Politics & Policy

Can I Have an Apology?

Clinton haters, vindicated.

Washington Post columnist E. J. Dionne writes in his column today that

the Clintons’ assault on Obama is so depressing. In many ways, Obama is running the 2008 version of the 1992 Clinton campaign. You have the feeling that if Bill Clinton did not have another candidate in this contest, he’d be advising Obama and cheering him on… Doesn’t calling in Bill Clinton as the lead attacker merely underscore Obama’s central theme, that it’s time to “turn the page” on our Bush-Clinton-Bush political past? And with both Clintons on record saying kind things about Reagan, why go after Obama on the point? Honestly: If Obama is a Reaganite, then I am a salamander. Yet there was Hillary Clinton’s campaign, unveiling a radio ad on Wednesday implying that Obama bought into such ideas as “refusing to raise the minimum wage.” Come on, guys. The worst thing about all this is what both Clintons are doing to their own legacy as pioneers of an approach that rejected, as Bill Clinton said in a 1991 speech, “the stale orthodoxies of left and right.” The great asset shared by both Clintons is their willingness to bring fresh thinking to old problems. “Our new choice plainly rejects the old categories and false alternatives they impose,” Bill Clinton added in that 1991 address in which he offered a long list of new ideas. “Is what I just said to you liberal or conservative? The truth is, it is both, and it is different. It rejects the Republicans’ attacks and the Democrats’ previous unwillingness to consider new alternatives.” Pretty good stuff, still. Why should either Clinton attack Obama for facing some of the same truths that both of them taught their party so long ago?

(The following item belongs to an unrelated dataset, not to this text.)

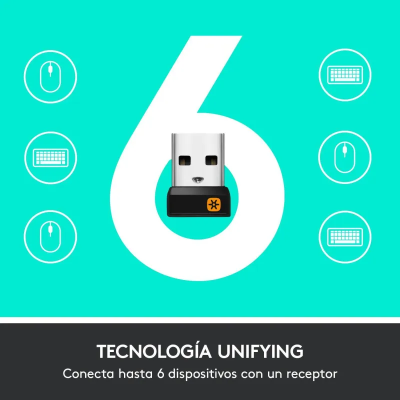 RECEPTOR LOGITECH ® UNIFYING: El minúsculo receptor inalámbrico permanece en el notebook, no hace falta desconectarlo para desplazarse. Además, puede agregar fácilmente un teclado o un ratón compatible. Más información sobre el receptor Unifying.

Maybe the reason is because they are a deeply unprincipled couple who destroy their political opponents and those whom they view as a threat to their power — and in this case, their political opponent happens to be a graceful man and a rising Democratic star.

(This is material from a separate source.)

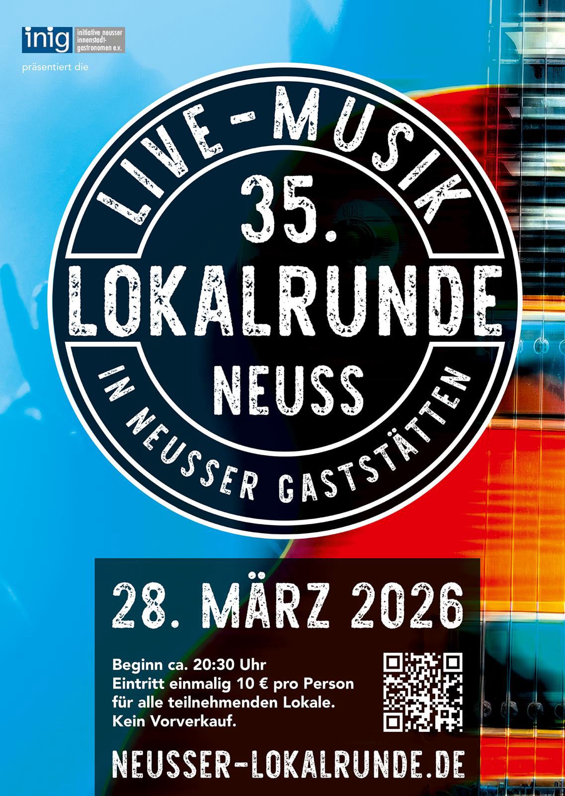 Am Samstag, dem 28. März 2026, wird die nächste Neusser Lokalrunde veranstaltet. X Lokale, X Bands und eine Vielzahl von Hits aus diversen Genres – das ist das Versprechen der 35. Neusser Lokalrunde. Das Event startet gegen 20:30 Uhr.

Dionne’s comments are part of a fascinating reassessment of Bill Clinton that is happening among liberals. Dionne is a particularly interesting example. During the 1990s there were few columnists in America who were as reliable a defender of President Clinton as Dionne. He was a harsh critic of Clinton critics, whom E. J. often referred to as “Clinton haters.” He often made it appear as if opposition to the Clintons and their style of politics was coming from angry and irrational opponents. (Some were — but most weren’t.) And because Republicans and conservatives couldn’t beat Clinton in the realm of ideas, they had to attack his personal life in a vicious matter. He and his wife were victims of the “vast right-wing conspiracy” and the “Republican attack machine.” Or so the theory went.

But that was then.

Now E. J. Dionne, a bright and delightful man, seems to be suffering from vertigo. He is stunned and saddened that the Clintons would criticize Barack Obama in the manner they are, based on distortions of the young Illinois senator’s record. Obama even sounds like a young Bill Clinton; to attack him the way they are is, well, so wrong and so unfair. Yet the Clintons do it anyway. What is a long-time liberal defender of the Clintons to make of all this?

Bill Greider of The Nation is another liberal who is unhappy with the Bill and Hillary Show (it’s worth noting that in the past, Greider was critical of Bill Clinton for not being liberal or bold enough). According to Greider:

The recent roughing-up of Barack Obama was in the trademark style of the Clinton years in the White House. High-minded and self-important on the surface, smarmily duplicitous underneath, meanwhile jabbing hard to the groin area. They are a slippery pair and come as a package. The nation is at fair risk of getting them back in the White House for four more years. The thought makes me queasy… Mr. Bill punches Obama in the kidney and from the rear. When Obama whirls around to strike back, there stands Mrs. Clinton, looking like a prim Sunday School teacher and citing goody-goody lessons she learned from her 135 years in government… The style is very familiar to official Washington, not just among the Clintons’ partisan adversaries, but among their supporters. The man lied to his friends. All the time. They got used to it. They came expect it… We are sure to see more of Mr. Bill’s intrusions because the former president is pathological about preserving his own place in the spotlight. He can’t stand it when he is not the story and, one way or another, he will make himself the story. I used to be sympathetic toward Mrs. Clinton on this point. No longer. She is using her egocentric husband to do the low-road hits for her campaign. He is good at it–a real charmer if you’ve never seen his act before. Or is Mrs. Clinton’s husband using her? People can ask that question without disturbing the principles of feminism. Evidently, many of the mainstream party faithful want the Clinton team as their presidential nominee. It’s their choice, of course. But does the rest of the country really deserve this?

No, it doesn’t. The problem is that those who defended Bill Clinton over the years, as he practiced his brand of ruthless politics to his heart’s content and to the delight of his supporters, are now in such a bad position to complain.

Perhaps a few of the “Clinton haters” are owed an apology.

  – Peter Wehner, former deputy assistant to the president, is a senior fellow at the Ethics and Public Policy Center.